►
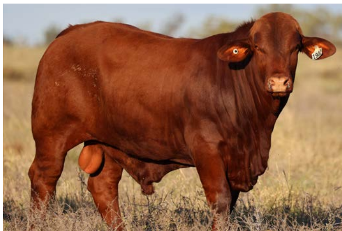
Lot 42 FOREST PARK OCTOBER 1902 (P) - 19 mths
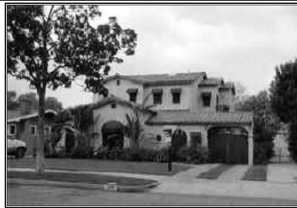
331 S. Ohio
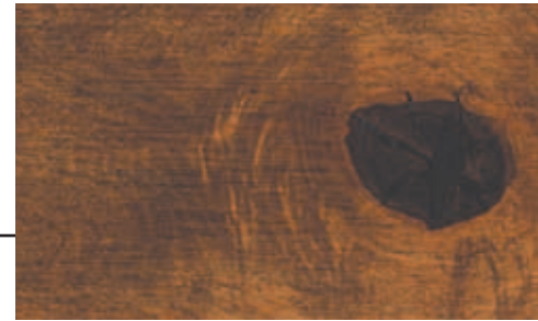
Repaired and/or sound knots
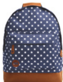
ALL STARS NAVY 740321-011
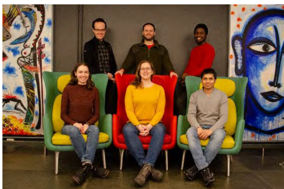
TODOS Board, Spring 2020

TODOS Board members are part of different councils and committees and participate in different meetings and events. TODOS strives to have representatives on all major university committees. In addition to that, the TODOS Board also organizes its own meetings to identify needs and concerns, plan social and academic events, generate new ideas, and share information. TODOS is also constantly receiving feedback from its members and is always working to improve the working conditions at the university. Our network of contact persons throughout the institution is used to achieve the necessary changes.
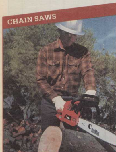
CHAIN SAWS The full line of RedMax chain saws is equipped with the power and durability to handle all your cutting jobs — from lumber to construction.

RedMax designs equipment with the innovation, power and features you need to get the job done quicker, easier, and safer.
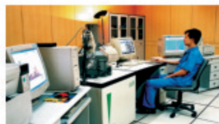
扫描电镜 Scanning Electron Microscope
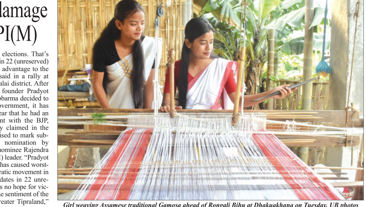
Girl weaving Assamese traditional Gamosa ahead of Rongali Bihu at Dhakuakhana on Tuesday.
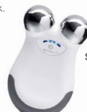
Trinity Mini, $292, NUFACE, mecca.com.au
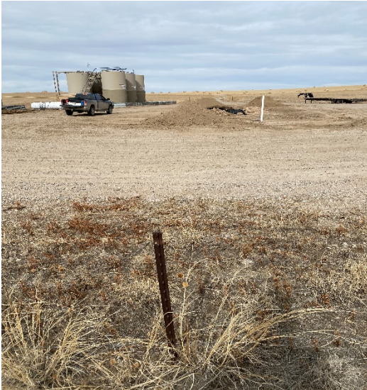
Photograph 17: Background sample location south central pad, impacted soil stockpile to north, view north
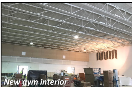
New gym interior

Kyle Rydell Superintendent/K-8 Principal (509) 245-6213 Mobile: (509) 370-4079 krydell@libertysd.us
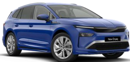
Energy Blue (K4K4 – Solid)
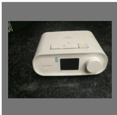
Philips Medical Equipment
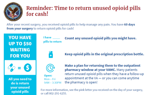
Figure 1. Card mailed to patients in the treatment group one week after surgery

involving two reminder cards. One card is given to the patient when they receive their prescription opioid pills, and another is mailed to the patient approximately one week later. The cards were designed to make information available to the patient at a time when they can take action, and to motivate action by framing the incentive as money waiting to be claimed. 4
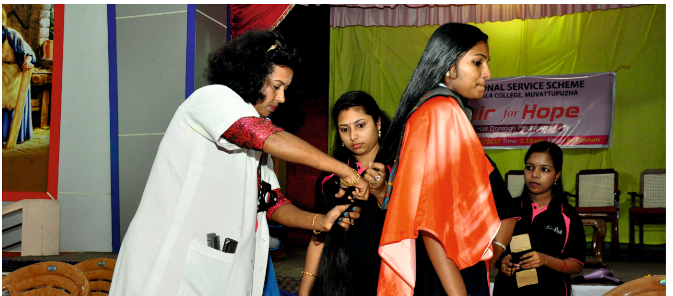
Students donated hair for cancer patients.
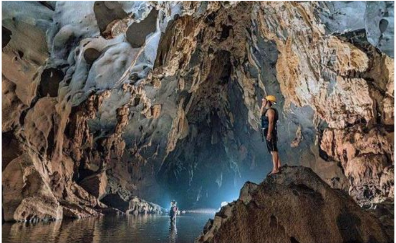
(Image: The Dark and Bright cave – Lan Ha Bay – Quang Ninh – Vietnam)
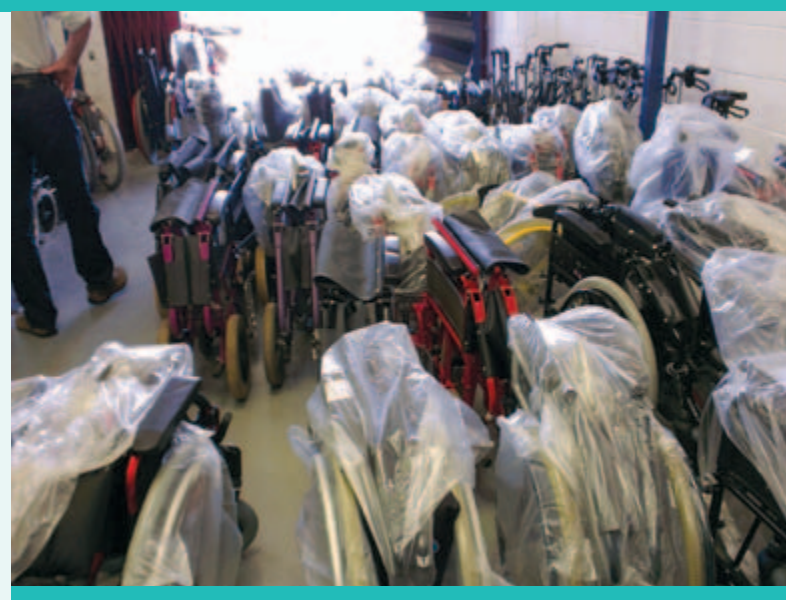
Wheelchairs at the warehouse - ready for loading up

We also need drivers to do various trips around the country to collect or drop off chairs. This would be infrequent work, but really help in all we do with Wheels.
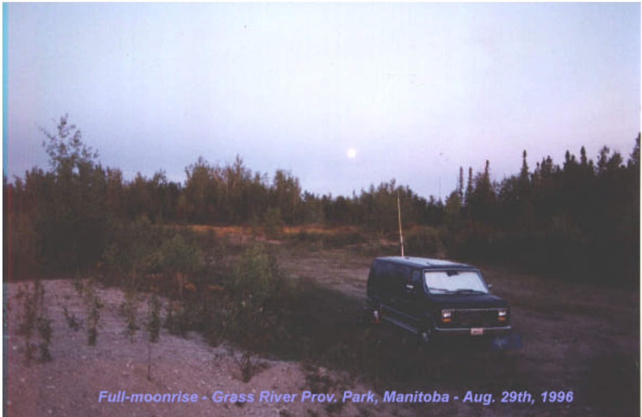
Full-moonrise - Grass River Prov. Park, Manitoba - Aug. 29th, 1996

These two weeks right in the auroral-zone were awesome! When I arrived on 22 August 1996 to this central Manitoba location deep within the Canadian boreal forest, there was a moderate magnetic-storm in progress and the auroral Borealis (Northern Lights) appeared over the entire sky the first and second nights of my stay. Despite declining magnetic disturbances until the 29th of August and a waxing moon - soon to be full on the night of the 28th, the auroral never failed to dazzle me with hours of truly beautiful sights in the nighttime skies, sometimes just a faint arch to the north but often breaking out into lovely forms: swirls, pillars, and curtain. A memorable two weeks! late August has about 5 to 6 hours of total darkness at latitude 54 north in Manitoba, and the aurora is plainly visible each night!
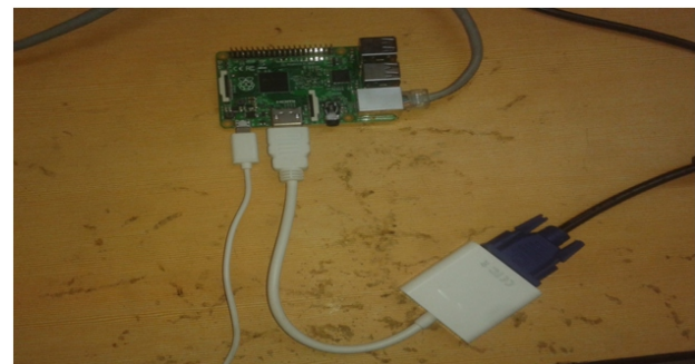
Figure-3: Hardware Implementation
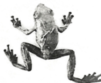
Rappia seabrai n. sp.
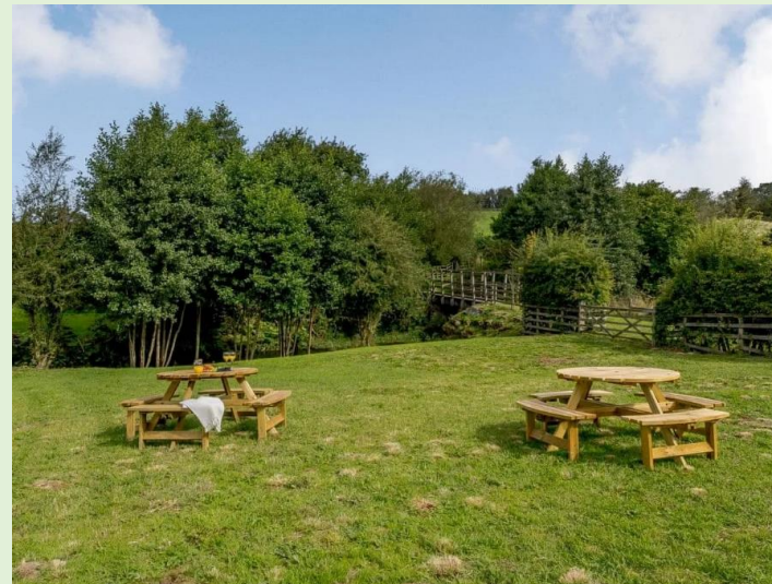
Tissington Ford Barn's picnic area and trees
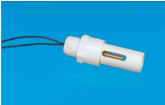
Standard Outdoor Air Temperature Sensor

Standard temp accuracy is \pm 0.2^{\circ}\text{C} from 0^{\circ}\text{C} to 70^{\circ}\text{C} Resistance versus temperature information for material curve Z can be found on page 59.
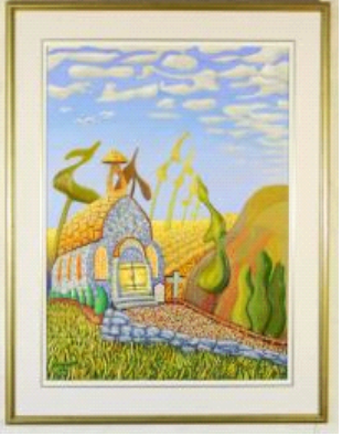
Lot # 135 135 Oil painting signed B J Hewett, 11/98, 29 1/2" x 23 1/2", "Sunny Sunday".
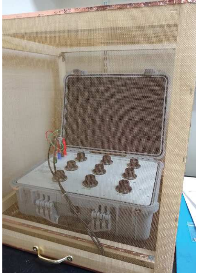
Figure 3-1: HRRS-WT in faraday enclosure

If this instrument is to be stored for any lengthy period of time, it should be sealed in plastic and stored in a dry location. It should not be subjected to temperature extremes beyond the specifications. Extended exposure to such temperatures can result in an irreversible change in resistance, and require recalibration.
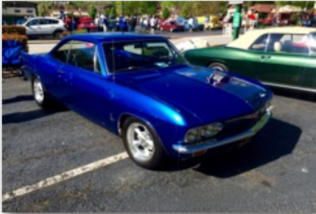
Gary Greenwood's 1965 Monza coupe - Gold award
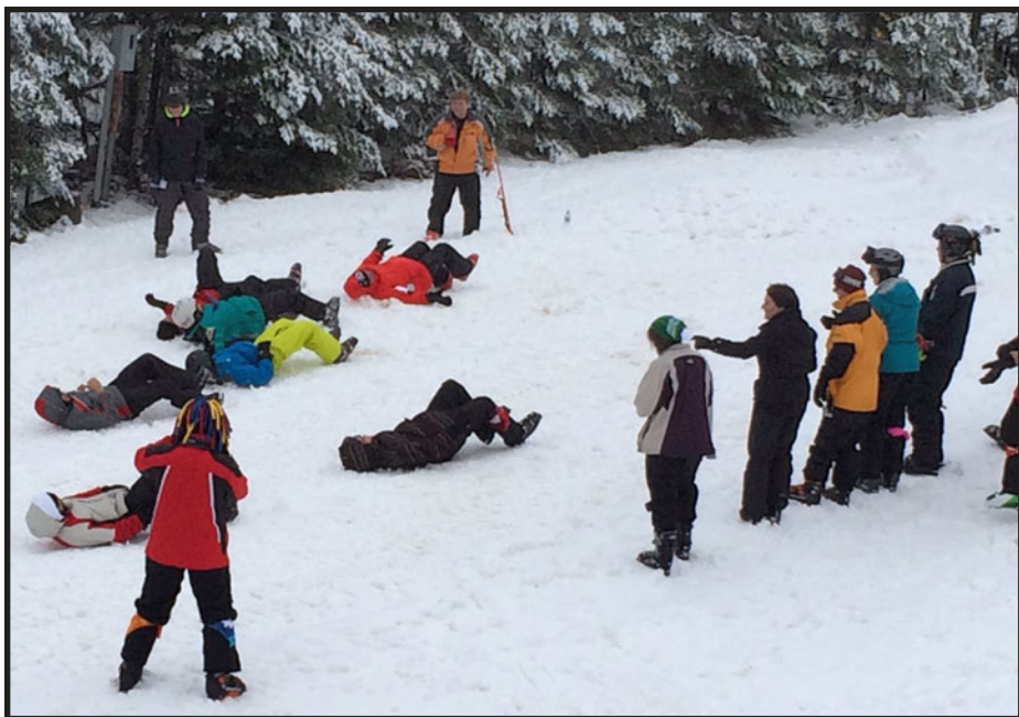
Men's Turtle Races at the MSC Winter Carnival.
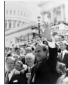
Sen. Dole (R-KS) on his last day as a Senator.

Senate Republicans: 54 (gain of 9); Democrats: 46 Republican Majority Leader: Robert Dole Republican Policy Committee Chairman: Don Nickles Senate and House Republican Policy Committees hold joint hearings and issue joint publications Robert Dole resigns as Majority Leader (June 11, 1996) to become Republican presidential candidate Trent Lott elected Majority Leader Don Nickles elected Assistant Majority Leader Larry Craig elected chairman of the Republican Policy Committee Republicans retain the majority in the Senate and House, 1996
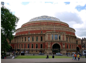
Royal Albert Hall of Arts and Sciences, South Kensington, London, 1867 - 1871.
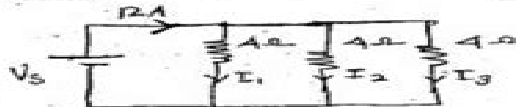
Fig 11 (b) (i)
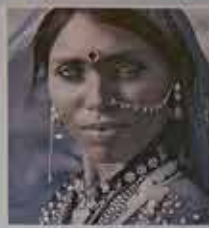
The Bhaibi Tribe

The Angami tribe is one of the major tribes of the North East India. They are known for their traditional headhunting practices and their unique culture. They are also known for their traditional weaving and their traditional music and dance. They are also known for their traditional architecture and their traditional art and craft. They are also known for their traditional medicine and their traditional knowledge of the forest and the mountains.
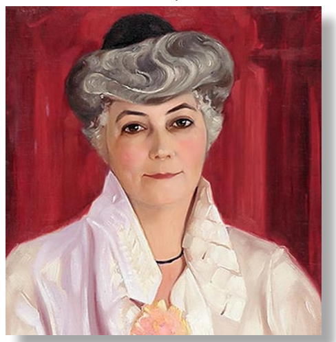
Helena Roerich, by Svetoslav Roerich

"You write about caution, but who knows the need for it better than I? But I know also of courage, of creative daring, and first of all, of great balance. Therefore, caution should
◄
With the pictures removed, print only the lines starting at the line that has "Full-moonrise - Grass" and ending at the line that has "Lot # 135 135", both ends included, exactly as they stand above.

ANSWER SECTION
Full-moonrise - Grass River Prov. Park, Manitoba - Aug. 29th, 1996

These two weeks right in the auroral-zone were awesome! When I arrived on 22 August 1996 to this central Manitoba location deep within the Canadian boreal forest, there was a moderate magnetic-storm in progress and the auroral Borealis (Northern Lights) appeared over the entire sky the first and second nights of my stay. Despite declining magnetic disturbances until the 29th of August and a waxing moon - soon to be full on the night of the 28th, the auroral never failed to dazzle me with hours of truly beautiful sights in the nighttime skies, sometimes just a faint arch to the north but often breaking out into lovely forms: swirls, pillars, and curtain. A memorable two weeks! late August has about 5 to 6 hours of total darkness at latitude 54 north in Manitoba, and the aurora is plainly visible each night!
Figure-3: Hardware Implementation
Rappia seabrai n. sp.
Tissington Ford Barn's picnic area and trees
Standard Outdoor Air Temperature Sensor

Standard temp accuracy is \pm 0.2^{\circ}\text{C} from 0^{\circ}\text{C} to 70^{\circ}\text{C} Resistance versus temperature information for material curve Z can be found on page 59.
Lot # 135 135 Oil painting signed B J Hewett, 11/98, 29 1/2" x 23 1/2", "Sunny Sunday".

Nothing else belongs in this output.